● **Work task**
Could the data below be retyped exactly, without its pictures?

● **Recorded data**
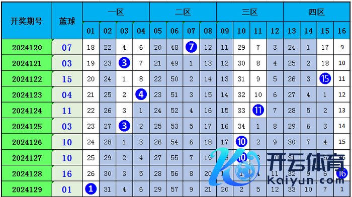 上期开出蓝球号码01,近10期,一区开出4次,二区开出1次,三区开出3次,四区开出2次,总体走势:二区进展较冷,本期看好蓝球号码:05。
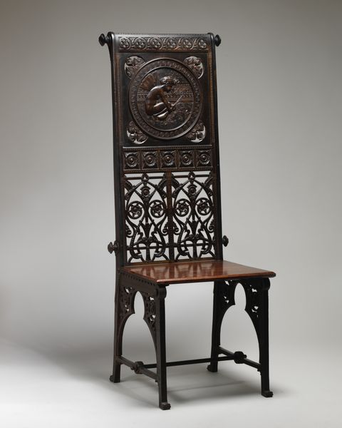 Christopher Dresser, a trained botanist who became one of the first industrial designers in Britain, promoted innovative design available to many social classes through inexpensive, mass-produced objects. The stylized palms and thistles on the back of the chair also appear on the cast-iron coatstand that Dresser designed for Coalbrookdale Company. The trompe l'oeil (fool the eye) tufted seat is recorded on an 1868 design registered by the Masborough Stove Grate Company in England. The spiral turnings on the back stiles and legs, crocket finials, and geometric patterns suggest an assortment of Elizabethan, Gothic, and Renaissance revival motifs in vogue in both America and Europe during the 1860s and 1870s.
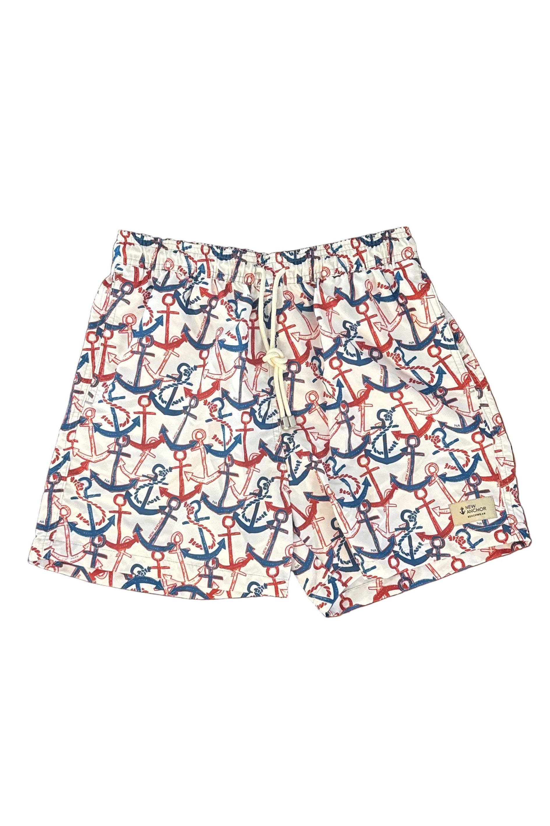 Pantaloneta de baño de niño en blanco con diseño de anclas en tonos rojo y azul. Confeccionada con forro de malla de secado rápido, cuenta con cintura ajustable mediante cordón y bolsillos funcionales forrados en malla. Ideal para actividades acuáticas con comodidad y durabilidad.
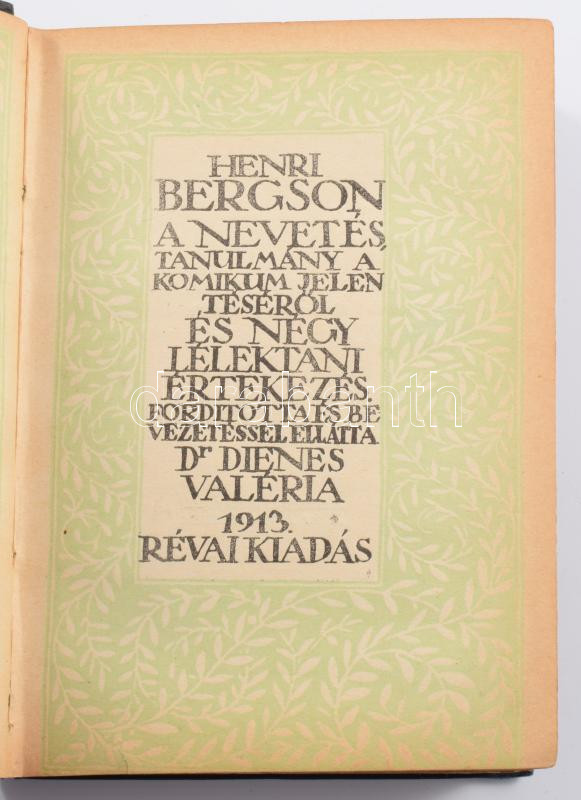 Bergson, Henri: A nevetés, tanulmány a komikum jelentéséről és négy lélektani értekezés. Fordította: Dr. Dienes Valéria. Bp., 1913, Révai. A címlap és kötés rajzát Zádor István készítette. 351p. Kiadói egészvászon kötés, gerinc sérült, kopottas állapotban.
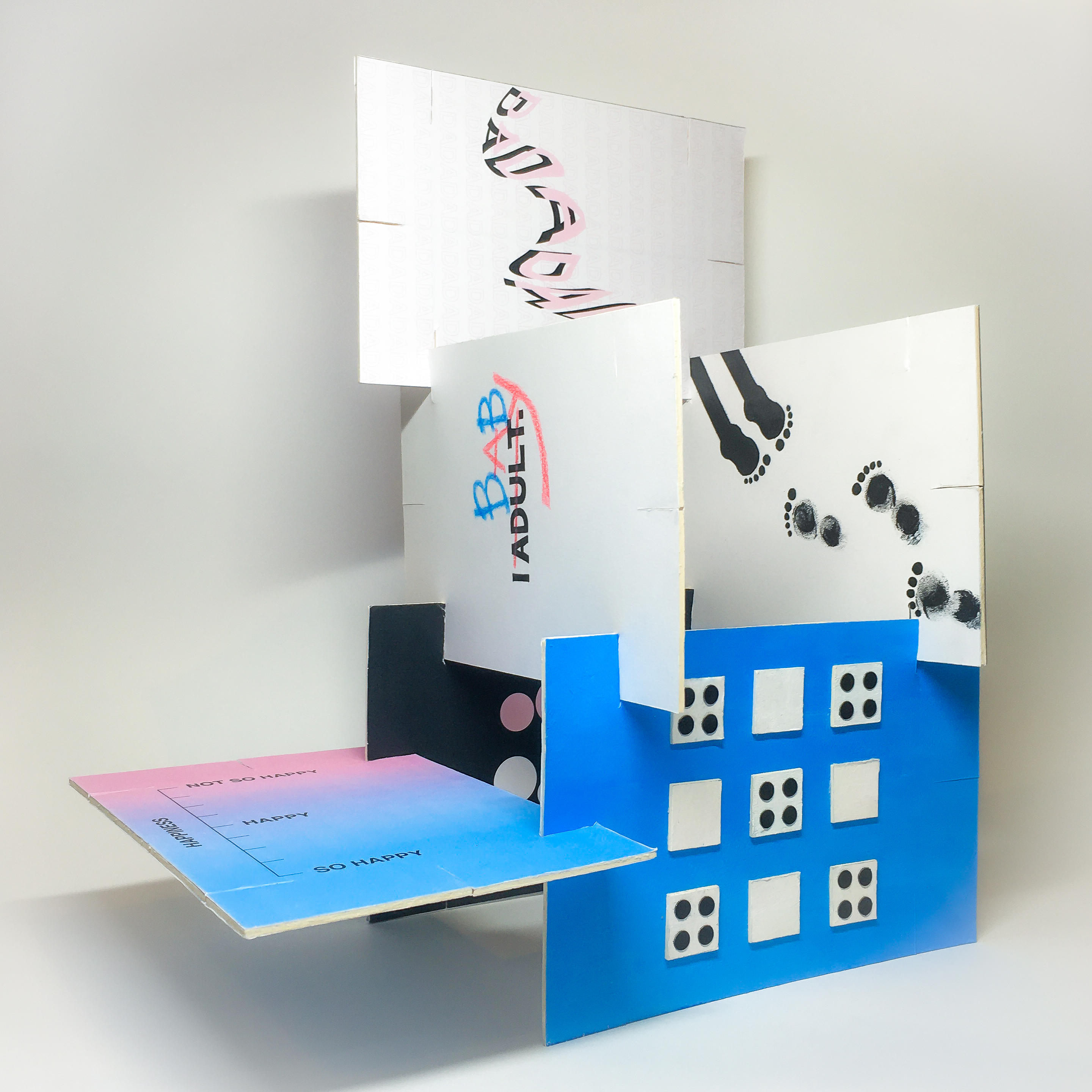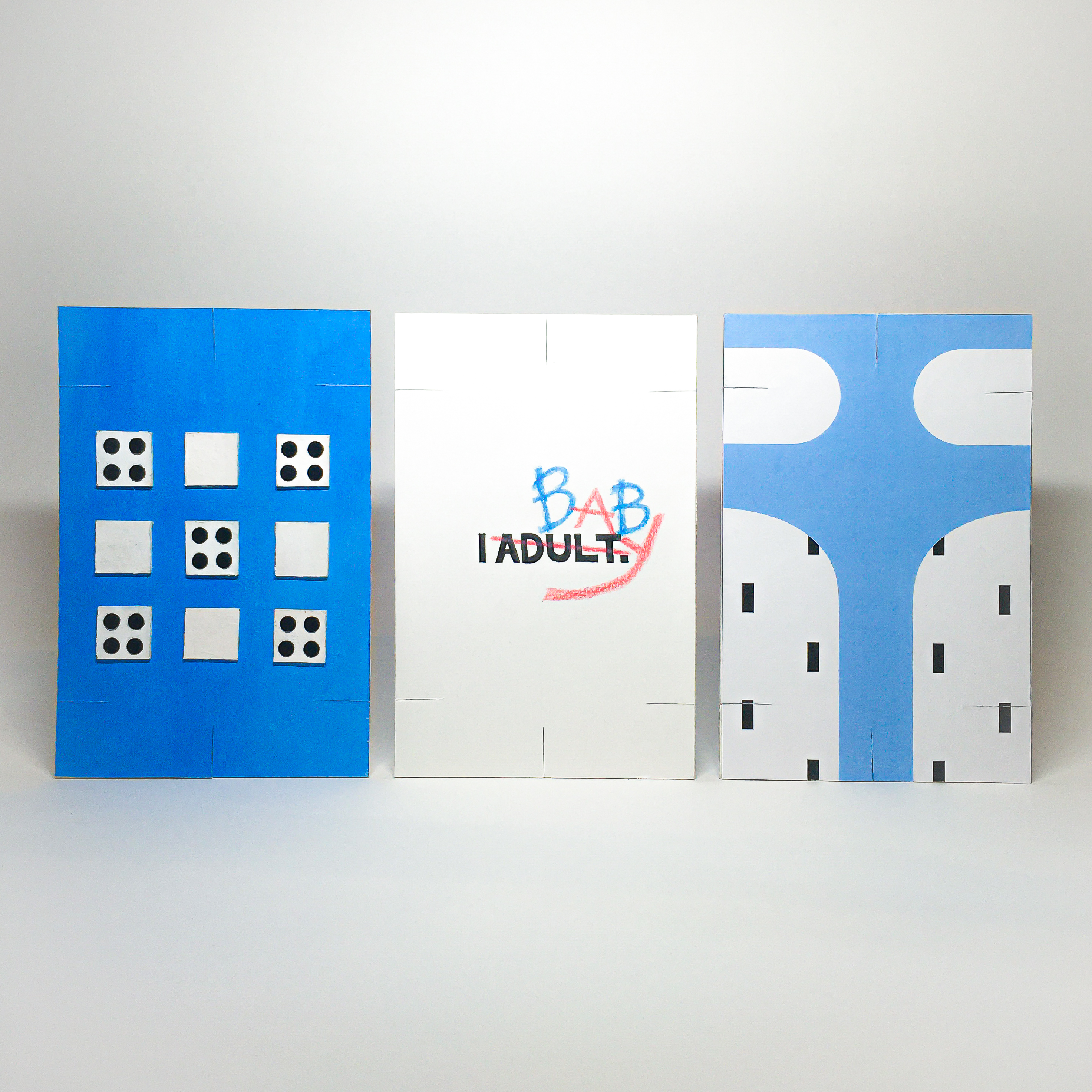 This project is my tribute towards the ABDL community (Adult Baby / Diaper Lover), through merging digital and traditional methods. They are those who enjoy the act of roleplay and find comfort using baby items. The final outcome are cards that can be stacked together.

● **Result**
 上期开出蓝球号码01,近10期,一区开出4次,二区开出1次,三区开出3次,四区开出2次,总体走势:二区进展较冷,本期看好蓝球号码:05。
 Christopher Dresser, a trained botanist who became one of the first industrial designers in Britain, promoted innovative design available to many social classes through inexpensive, mass-produced objects. The stylized palms and thistles on the back of the chair also appear on the cast-iron coatstand that Dresser designed for Coalbrookdale Company. The trompe l'oeil (fool the eye) tufted seat is recorded on an 1868 design registered by the Masborough Stove Grate Company in England. The spiral turnings on the back stiles and legs, crocket finials, and geometric patterns suggest an assortment of Elizabethan, Gothic, and Renaissance revival motifs in vogue in both America and Europe during the 1860s and 1870s.
 Pantaloneta de baño de niño en blanco con diseño de anclas en tonos rojo y azul. Confeccionada con forro de malla de secado rápido, cuenta con cintura ajustable mediante cordón y bolsillos funcionales forrados en malla. Ideal para actividades acuáticas con comodidad y durabilidad.
 Bergson, Henri: A nevetés, tanulmány a komikum jelentéséről és négy lélektani értekezés. Fordította: Dr. Dienes Valéria. Bp., 1913, Révai. A címlap és kötés rajzát Zádor István készítette. 351p. Kiadói egészvászon kötés, gerinc sérült, kopottas állapotban.
 This project is my tribute towards the ABDL community (Adult Baby / Diaper Lover), through merging digital and traditional methods. They are those who enjoy the act of roleplay and find comfort using baby items. The final outcome are cards that can be stacked together.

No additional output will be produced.